**WHAT THE EXERCISE ASKS:** Make an exact transcript of the lines in the data below, starting with the one containing "is there another" and going on through the one containing "Tan Suo Er Hao", with both included and the pictures left out.

**INPUT DATA:**
· · ·

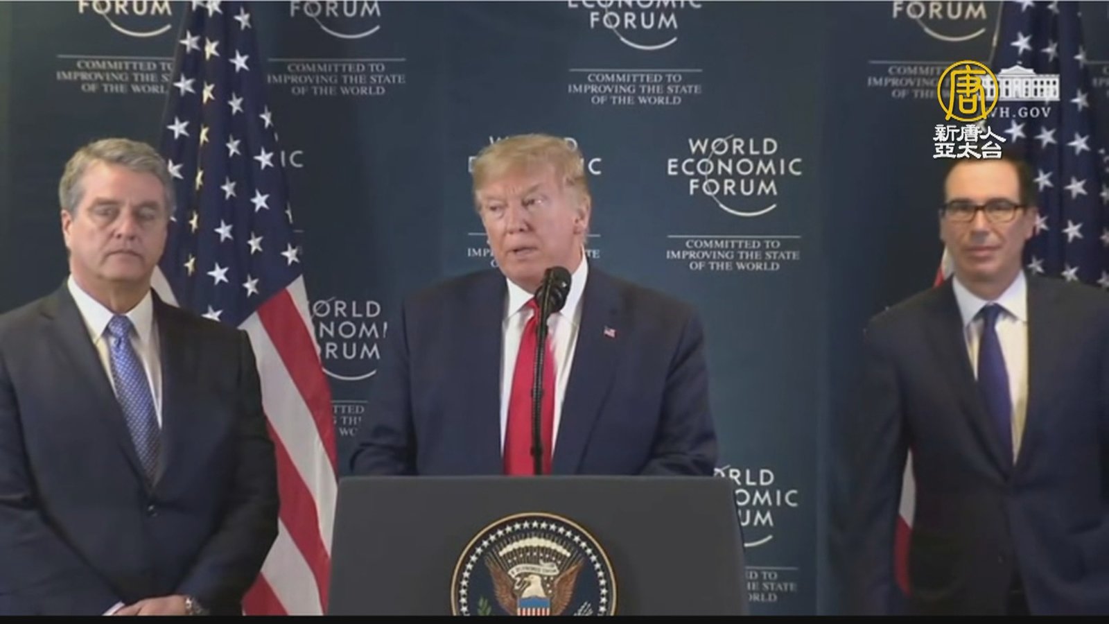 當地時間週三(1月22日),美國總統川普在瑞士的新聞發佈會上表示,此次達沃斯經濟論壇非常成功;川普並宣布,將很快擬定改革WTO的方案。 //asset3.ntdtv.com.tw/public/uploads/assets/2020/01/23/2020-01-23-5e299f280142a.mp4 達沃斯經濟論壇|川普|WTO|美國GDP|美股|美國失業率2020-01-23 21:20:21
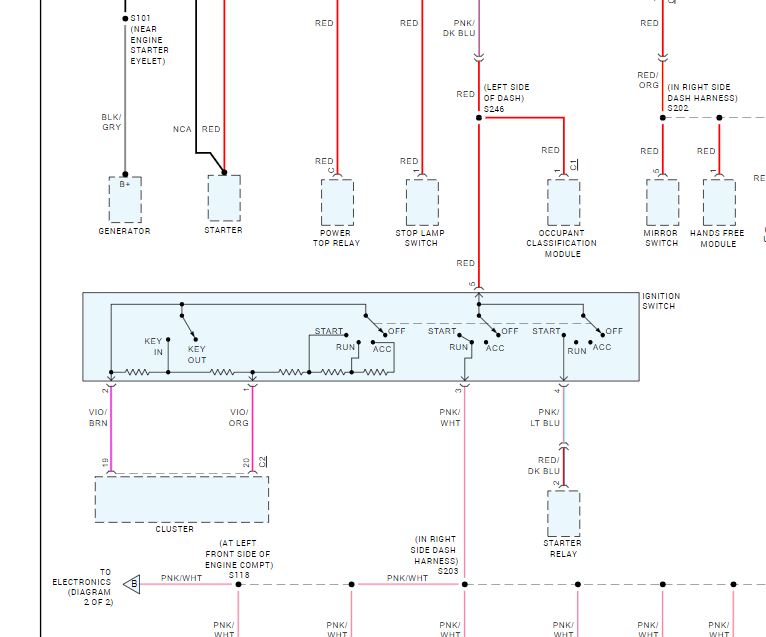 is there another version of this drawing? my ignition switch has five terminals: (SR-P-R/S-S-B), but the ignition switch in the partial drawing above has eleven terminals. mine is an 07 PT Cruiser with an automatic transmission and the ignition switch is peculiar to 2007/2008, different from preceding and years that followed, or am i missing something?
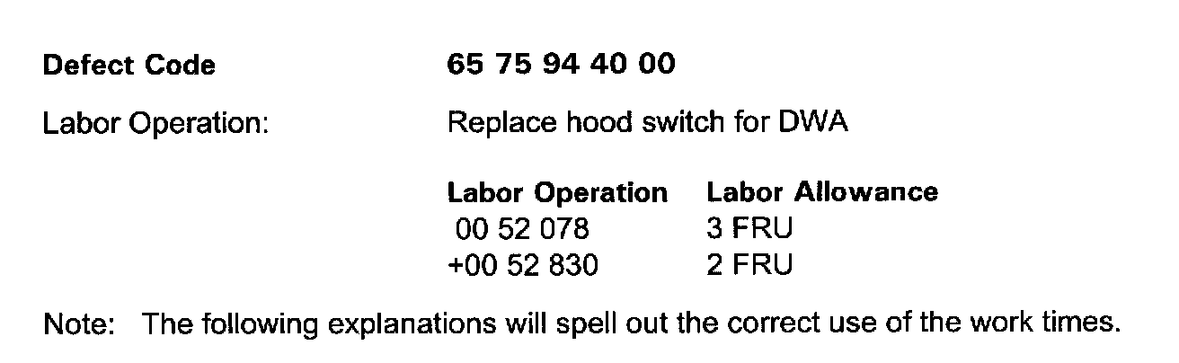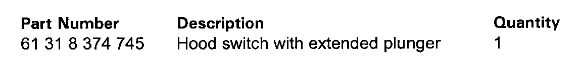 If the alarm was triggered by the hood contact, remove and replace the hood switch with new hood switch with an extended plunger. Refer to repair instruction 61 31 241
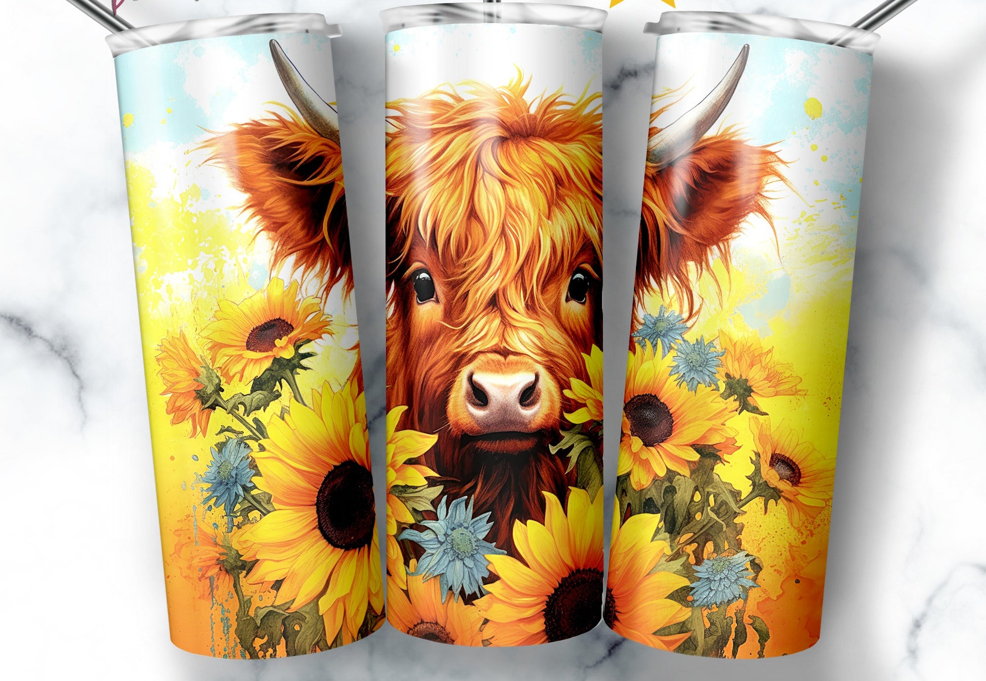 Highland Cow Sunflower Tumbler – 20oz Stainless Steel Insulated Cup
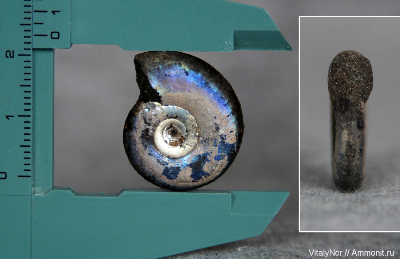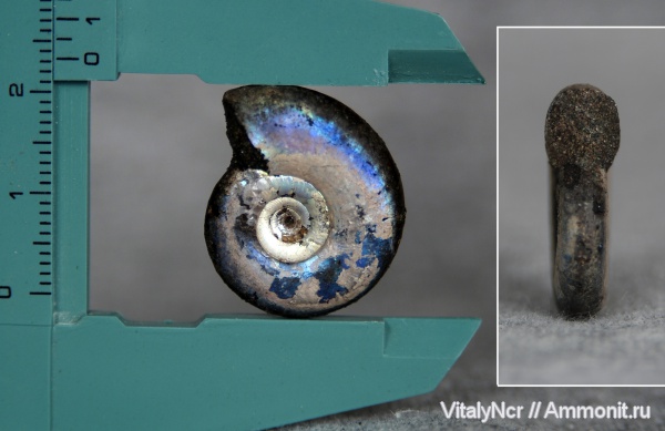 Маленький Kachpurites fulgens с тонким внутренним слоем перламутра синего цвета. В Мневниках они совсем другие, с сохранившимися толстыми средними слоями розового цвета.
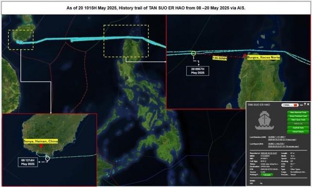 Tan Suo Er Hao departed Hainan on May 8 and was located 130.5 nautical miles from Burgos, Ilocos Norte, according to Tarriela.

· · ·

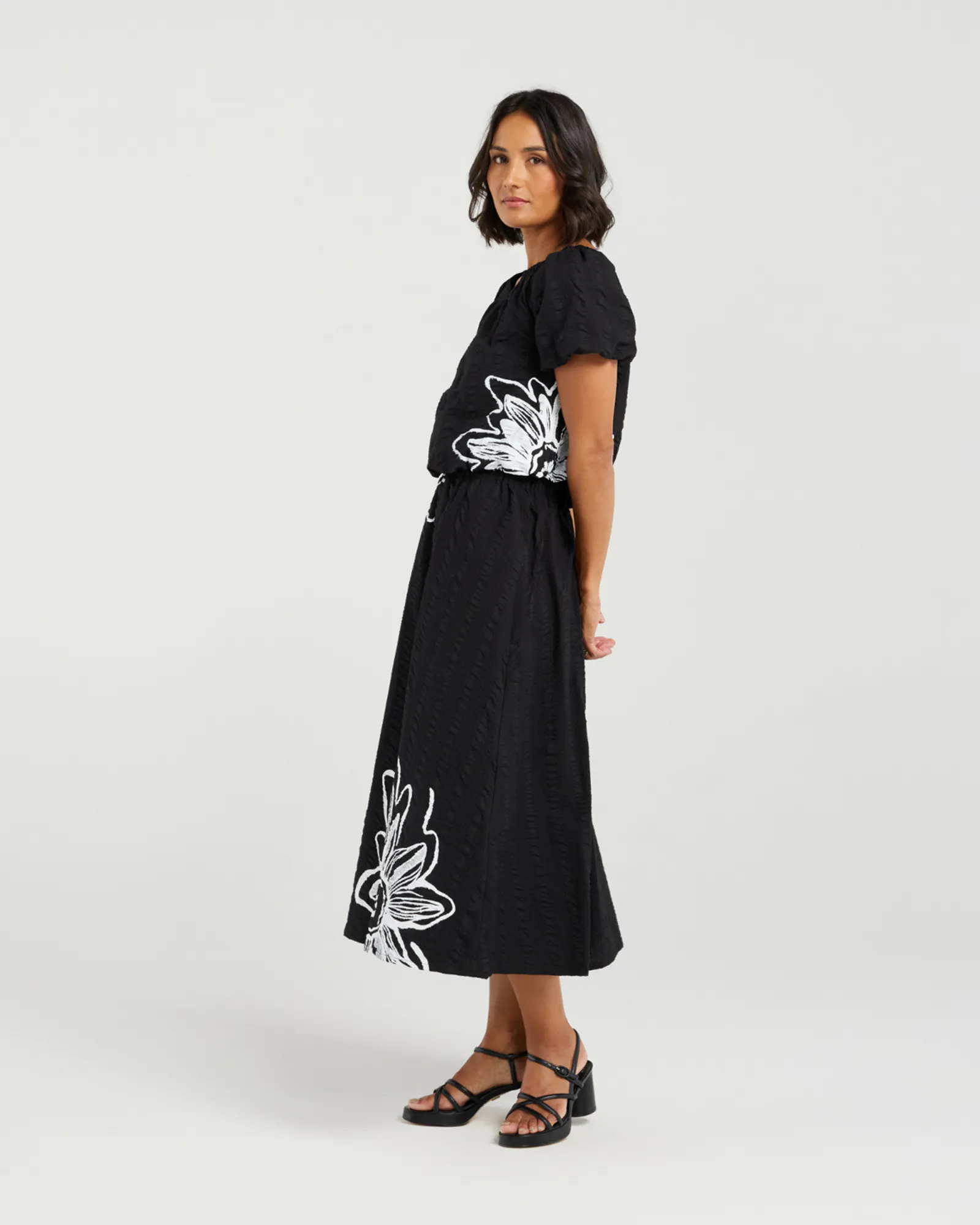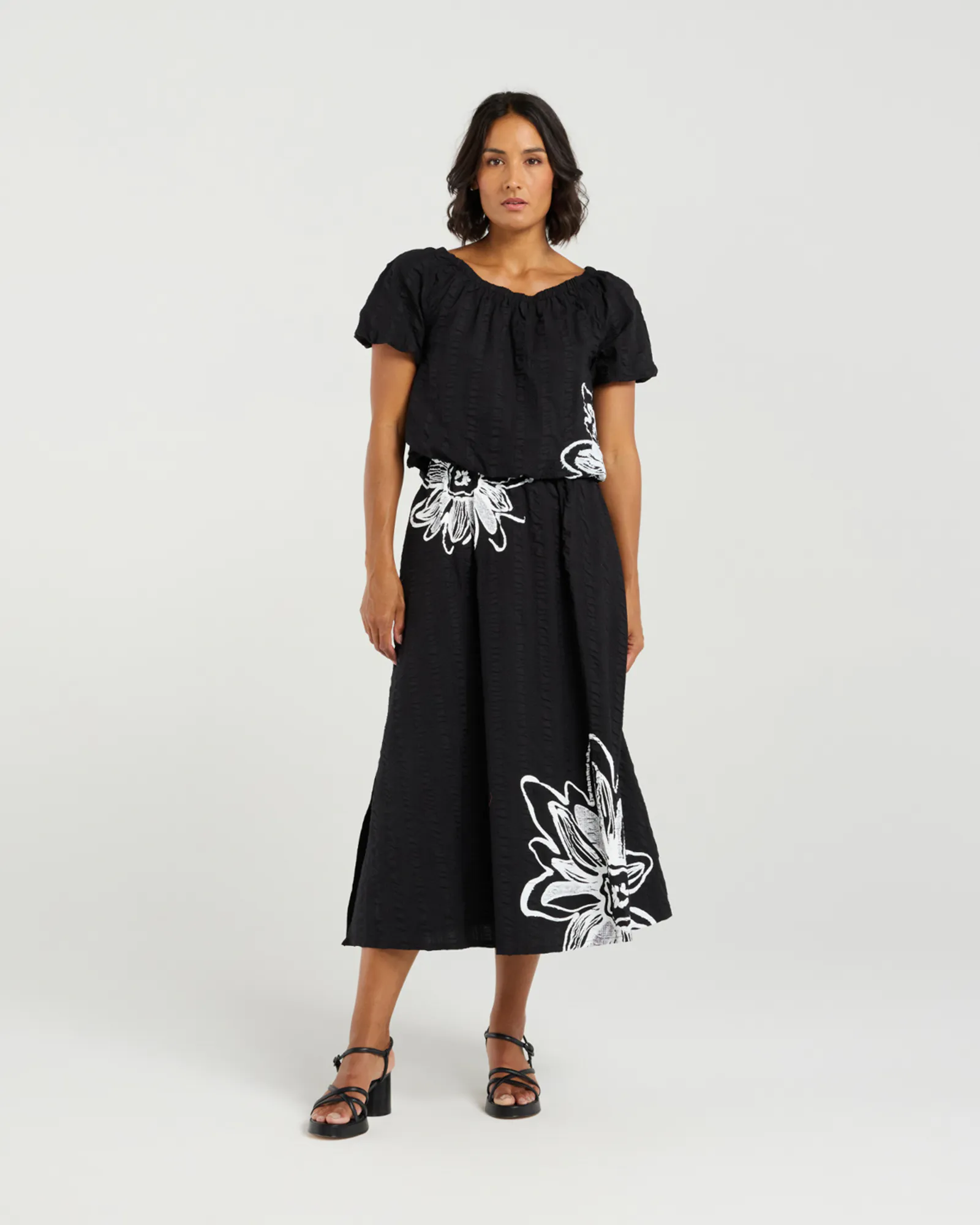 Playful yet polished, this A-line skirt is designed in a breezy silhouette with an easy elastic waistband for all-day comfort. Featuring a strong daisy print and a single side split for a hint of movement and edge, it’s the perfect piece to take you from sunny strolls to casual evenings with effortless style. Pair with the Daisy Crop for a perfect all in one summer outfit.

· · ·

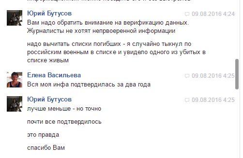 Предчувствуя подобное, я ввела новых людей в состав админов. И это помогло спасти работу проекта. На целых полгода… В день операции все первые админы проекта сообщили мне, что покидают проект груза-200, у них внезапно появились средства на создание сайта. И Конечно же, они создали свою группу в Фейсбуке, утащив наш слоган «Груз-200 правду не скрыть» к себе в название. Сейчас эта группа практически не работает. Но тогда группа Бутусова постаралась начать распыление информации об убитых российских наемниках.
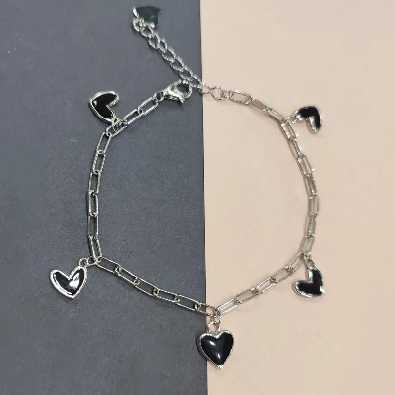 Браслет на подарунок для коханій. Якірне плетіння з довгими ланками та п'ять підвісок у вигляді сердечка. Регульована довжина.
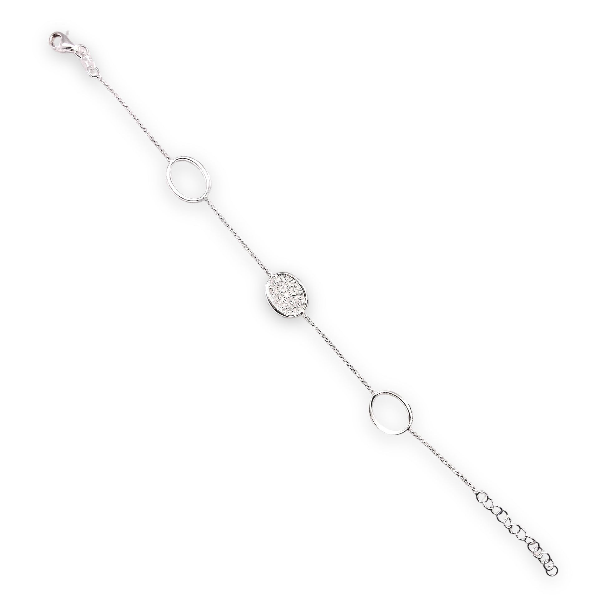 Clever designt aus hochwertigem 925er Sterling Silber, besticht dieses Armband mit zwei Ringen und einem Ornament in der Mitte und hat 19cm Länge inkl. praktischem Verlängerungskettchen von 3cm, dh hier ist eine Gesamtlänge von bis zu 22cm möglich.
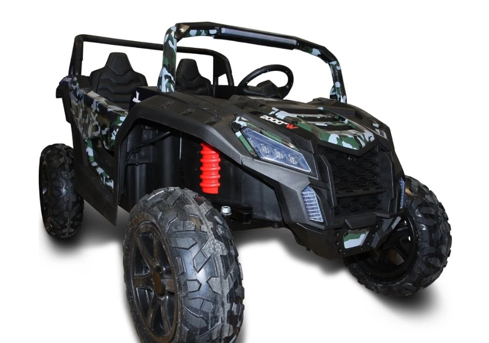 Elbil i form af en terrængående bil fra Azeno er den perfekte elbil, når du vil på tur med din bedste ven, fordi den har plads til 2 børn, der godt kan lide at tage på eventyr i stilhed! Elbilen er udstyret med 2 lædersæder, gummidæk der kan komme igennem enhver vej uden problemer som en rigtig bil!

· · ·

**RESULT OF THIS TASK:**
 is there another version of this drawing? my ignition switch has five terminals: (SR-P-R/S-S-B), but the ignition switch in the partial drawing above has eleven terminals. mine is an 07 PT Cruiser with an automatic transmission and the ignition switch is peculiar to 2007/2008, different from preceding and years that followed, or am i missing something?
 If the alarm was triggered by the hood contact, remove and replace the hood switch with new hood switch with an extended plunger. Refer to repair instruction 61 31 241
 Highland Cow Sunflower Tumbler – 20oz Stainless Steel Insulated Cup
 Маленький Kachpurites fulgens с тонким внутренним слоем перламутра синего цвета. В Мневниках они совсем другие, с сохранившимися толстыми средними слоями розового цвета.
 Tan Suo Er Hao departed Hainan on May 8 and was located 130.5 nautical miles from Burgos, Ilocos Norte, according to Tarriela.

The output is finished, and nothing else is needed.